To begin assessing mutant genotypes for a phenotype associated with variation in the target locus, we backcrossed the heterozygous M2 mutants and converted SNPs to allele-specific PCR markers for CsOLS1, CsTCP4, and CsMYB106 to demonstrate their practicality for use in breeding programs (Table S7). All markers fit the 1:1 segregation ratio expected for BC₁M2 plants where genotypes are either heterozygous or homozygous for WT alleles (Fig. 1d). Approximately half (n = 13) of the 25 BC₁ plants in M2 family 200mM_99 associated with the mutation in TCP4-1 had marked phenotypic alterations; with tri-foliate, glabrous leaves showing reduced serration and venation compared to palmate, rugous, regularly serrated leaves typical of WT plants (n = 12) (Fig. 1e). The mutation is in a conserved sequence region close to a coiled secondary structure but appears not to provoke a change in protein folding (Fig. S4). Although the mechanism is unclear in our population, the TCP gene family is involved in the multilayer control of leaf development (Koyama, 2017) and complete linkage of the mutation in CsTCP4 to altered leaflet number and morphology suggests an important role for this gene in the regulation of leaf development in cannabis as well. Functional mutations in highly conserved residues close to the enzyme active site were identified in CsOLS1, (Fig. 1c) which belongs to the type III polyketide synthases (PKS) family involved in the cannabinoid biosynthetic pathway (Taura et al., 2009). Targeted mutagenesis of other active site residues in OLS has been shown to produce alterations in olivetolic acid concentrations (Kearsey et al. 2020). The functional mutations in CsOLS1 identified here are promising for their potential to either augment cannabinoid content for medicinal applications or diminish it for industrial hemp applications where exceeding limits of THC production are a concern.

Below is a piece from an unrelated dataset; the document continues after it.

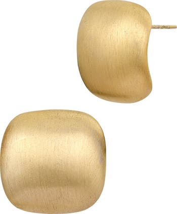 A brushed finish brings eye-catching texture to these statement-making studs done in a cushion-cut silhouette.

The TILLCANN platform is a valuable new source for the creation of genetic diversity in cannabis. It provides a high probability of recovering mutations in genes of interest that will be useful for gene functional validation studies and in breeding programs through diversifying important traits related to both industrial and medicinal applications. Specifically, these efforts can fucus on optimizing cannabinoid profiles tailored for appropriate markets; understanding flowering time control as it is relevant for all cannabis market classes; improving disease resistance for pathogens of economic importance (e.g. powdery mildew, soil-borne pathogens, viruses, mycotoxins-associated pathogens); augmenting grain yield and quality, including oil and protein profiles, for the emerging cannabis food industry; and improving fiber quality traits with high heritability. As each mutant family contains an average of 3,935 background mutations, reduction of this load through backcrossing one to several generations may be necessary (Uauy et al., 2017) for breeding applications. Finally, large quantities of seed for most M2 families are available for performing forward genetic screens requiring many individuals for identifying mutants capable of germination and surviving in the presence of salt, drought or heavy metal stress. Improvement of abiotic traits fit squarely into the value proposition of industrial hemp as a sustainable and environmentally friendly crop.